The battle at Farnborough has begun. Boeing (NYSE:BA) kickstarted the exhibition with a $4.7B deal for freight planes with delivery company DHL and the firm purchase of 30 737 MAX 8s with leasing firm Jackson Square. Airbus (OTCPK:EADSY) is already plotting its revenge. It’s working on a blockbuster agreement to sell $23B worth of aircraft to AirAsia, as well as confirming a $9B order from StarLux and Sichuan Airlines.

More from the Air Show… Lockheed Martin (NYSE:LMT) is helping take Britain into the commercial space age after claiming government grants totaling £23.5M to launch small satellites from a remote area of the Scottish Highlands. The new spaceport is expected to be used mainly for earth observation and other data-gathering tasks, with the goal of having launches from the early 2020s.

British jet engine maker Rolls-Royce (OTCPK:RYCEY) has designed a propulsion system for a flying taxi and is starting a search for partners to help develop the project. The EVTOL aircraft could carry four to five people at speeds of up to 250 miles per hour for approximately 500 miles. Re-charging would also not be required because the battery is charged by the gas turbine, allowing it to use existing infrastructure.

The U.S. Defense Department has reached a “handshake deal” with Lockheed Martin (LMT) to buy a batch of 141 F-35 combat jets likely to be worth more than $12B after months of wrangling over price and other terms. In other news, executives at CFM international said they are confident that the JV between General Electric (NYSE:GE) and Safran (OTCPK:SAFRY) will meet its target to deliver 1,100 LEAP engines this year.

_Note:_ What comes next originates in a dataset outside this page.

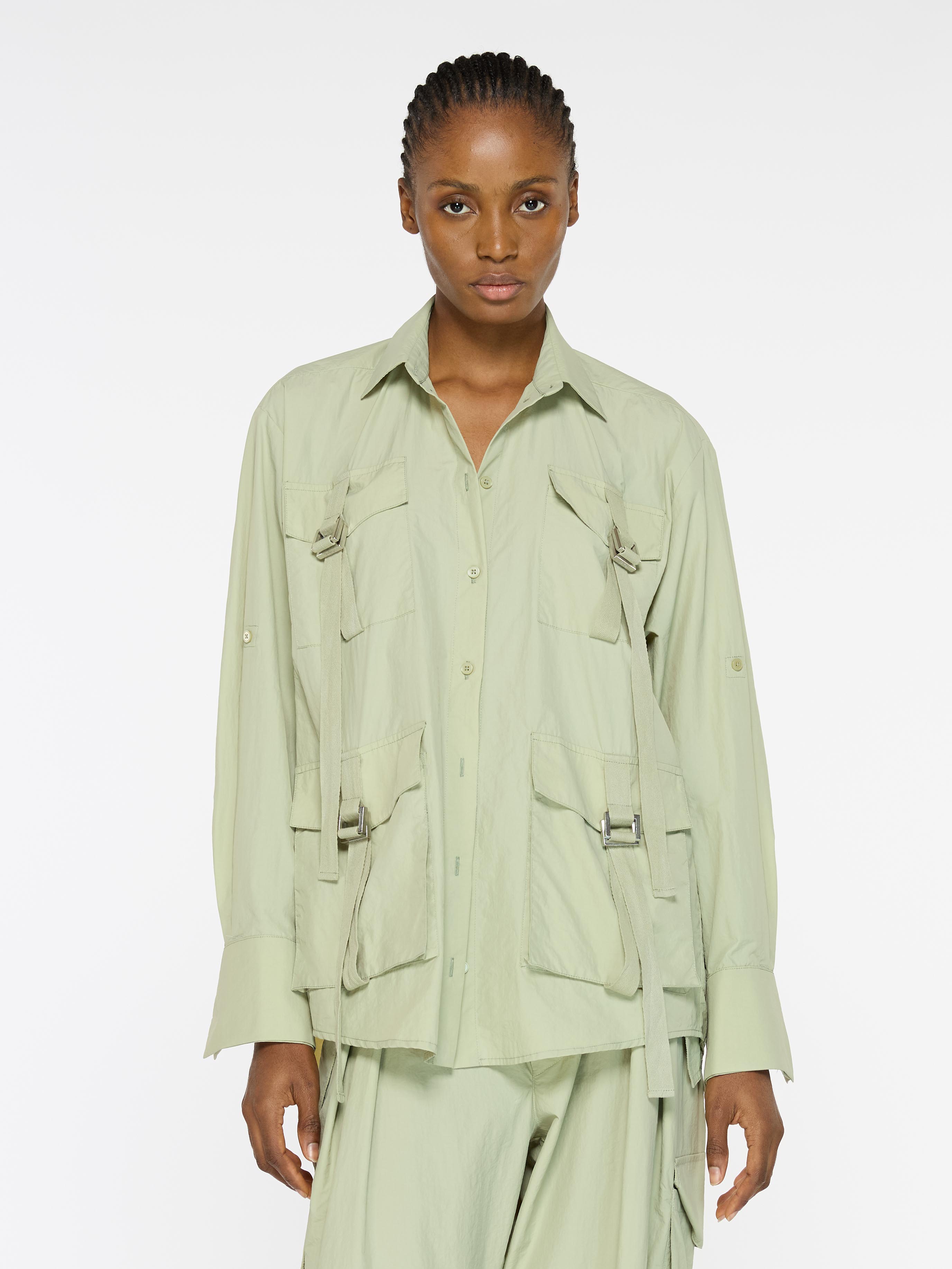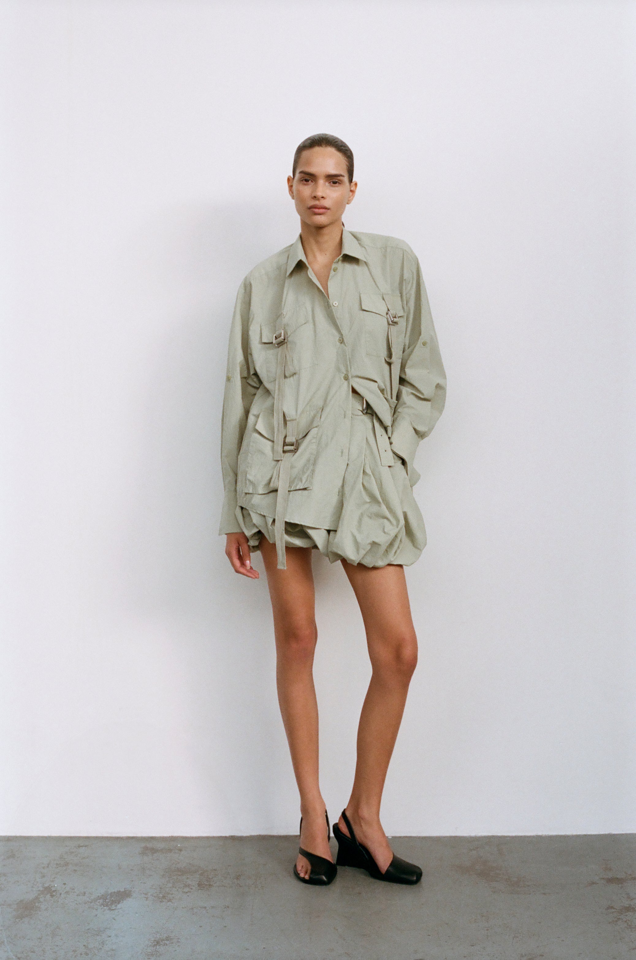 The Melissa Shirt in Dune is crafted from signature Crunchy Cotton fabric. This relaxed, oversized shirt features multiple pockets and utilitarian details, while a classic collar and subtle tailoring add a refined touch. A versatile wardrobe essential.

Amazon is planning a smart television set and its own TV service, according to The Telegraph. The device is being confidentially tested by DTG, which maintains technical standards in the U.K.’s digital terrestrial broadcasts. Amazon (NASDAQ:AMZN) turned to the broadcast technology after its attempts to convert Prime Video into a viable alternative to satellite or cable pay-TV fell flat.

Trade movement in Hong Kong: ZTE (OTCPK:ZTCOY) climbed as much as 17% after the U.S. formally lifted a ban on its American technology purchases, resolving a months-long moratorium on the Chinese telecom equipment maker. Meanwhile, shares in smartphone maker Xiaomi fell by almost a tenth after mainland Chinese investors were barred from buying into Hong Kong-listed companies that issue dual-class shares.

France clinched its second World Cup title last night with a 4-2 win over Croatia, but investors appear to be more focused on the final game statistics of Nike (NYSE:NKE) vs. Adidas (OTCQX:ADDYY). Of the total 169 goals scored leading up to the finals, Nike cleats were worn for over 100 of them. Nike also sponsored both teams in the final and shelled out about $56M on the French national team.

Major League Baseball is getting into the crypto game, launching MLB Crypto Baseball. Gamers will pay an ether to buy a digital avatar, which are tied to specific moments in recent games. Ethereum (ETH-USD), launched in 2015, runs on a blockchain, the same peer-to-peer, immutable, public ledger technology used by bitcoin.

Goldman Sachs is expected to name its president, David M. Solomon, as its next chief executive early this week, the New York Times reports. He would succeed Lloyd C. Blankfein, one of the longest-serving CEOs and most powerful executives on Wall Street. Blankfein, who presided over record earnings during his 12 years atop Goldman (NYSE:GS), will also stay on for an interim period.

Deutsche Bank +7.4% premarket after saying it expects to report Q2 pretax profit of about €700M and net income of approximately €400M, which is “considerably above the average consensus estimate.” The latest figures appear to be good news for new CEO Christian Sewing, and company management “believes that these results demonstrate the resilience of the franchise.” Deutsche (NYSE:DB) will report full earnings on July 25.

End of an era… Sears’s (NASDAQ:SHLD) presence in Chicago ended on Sunday, with the closing of its Six Corners store, which opened in the Irving Park neighborhood 80 years ago. The retailer has lost $11.2B since 2010, its last profitable year. Sears launched its first stores in 1925 in the city, but now has fewer than 1,000 outlets nationwide.